Please fill in the following tableau (remember to include the '*' sign when multiplying): 
EOF

We've stated the problem (at least part of it) and now we are going to switch from text to a table, i.e., use HTML explicitly. Here is where the discussion of separating the HTML from the Perl makes no sense to me. The HTML flows perfectly, and templating it makes no sense, since the next problem will require a different kind of table, with its own coding.

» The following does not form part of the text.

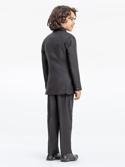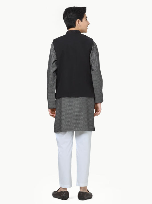 Boy's Black & Charcoal Waist Coat Suit

The tableau code follows, with the table entries indicating the box indexing scheme which will be lost as the student fills in the boxes. Perhaps coding these (x,y) couples into the table with persistence, would be preferable, but this works as the simplest way of beginning.

print  "<center>";
print table({-border=>undef},
  caption('I.C.E. Table'),
  Tr({-align=>'CENTER',-valign=>'TOP'},
    [
    th(['', 'P<sub>NO</sub>','P<sub>O<sub>2</sub></sub>','P<sub>NO<sub>2</sub></sub>']),
    td(['Initial' ,
      $query->textfield( -name=>'box11',
        -default=>'1,1',
        -size=>5,
        -maxlength=>7
      ),
      $query->textfield(-name=>'box12',
        -default=>'1,2',
        -size=>5,
      -maxlength=>7),
      $query->textfield(-name=>'box13',
        -default=>'1,3',
        -size=>5,
      -maxlength=>7),
    ]),
    td(['Change' ,
      $query->textfield(-name=>'box21',
        -default=>'2,1',
        -size=>5,
      -maxlength=>7),
      $redz,
      $query->textfield(-name=>'box23',
        -default=>'2,3',
        -size=>5,
      -maxlength=>7),
    ]),
    td(['Equilibium'   ,
      $query->textfield(-name=>'box31',
        -default=>'3,1',
        -size=>5,
      -maxlength=>9),
      $query->textfield(-name=>'box32',
        -default=>'3,2',
        -size=>5,
      -maxlength=>9),
      $query->textfield(-name=>'box33',
        -default=>'3,3',
        -size=>5,
      -maxlength=>9)
    ])
  ] )
);

When the submit button is pressed, the contents of the boxes are assigned to Perl variables:

$ans11 = $query->param('box11');
$ans12 = $query->param('box12');
$ans13 = $query->param('box13');
$ans21 = $query->param('box21');
$ans22 = $query->param('box22');
$ans23 = $query->param('box23');
$ans31 = $query->param('box31');
$ans32 = $query->param('box32');
$ans33 = $query->param('box33');

#begin judging box answers:
if($query->param('student_id') ne "?"){

In order to unlock the screen, we force the "?" to have been changed.

Then each box is checked and the error messages printed.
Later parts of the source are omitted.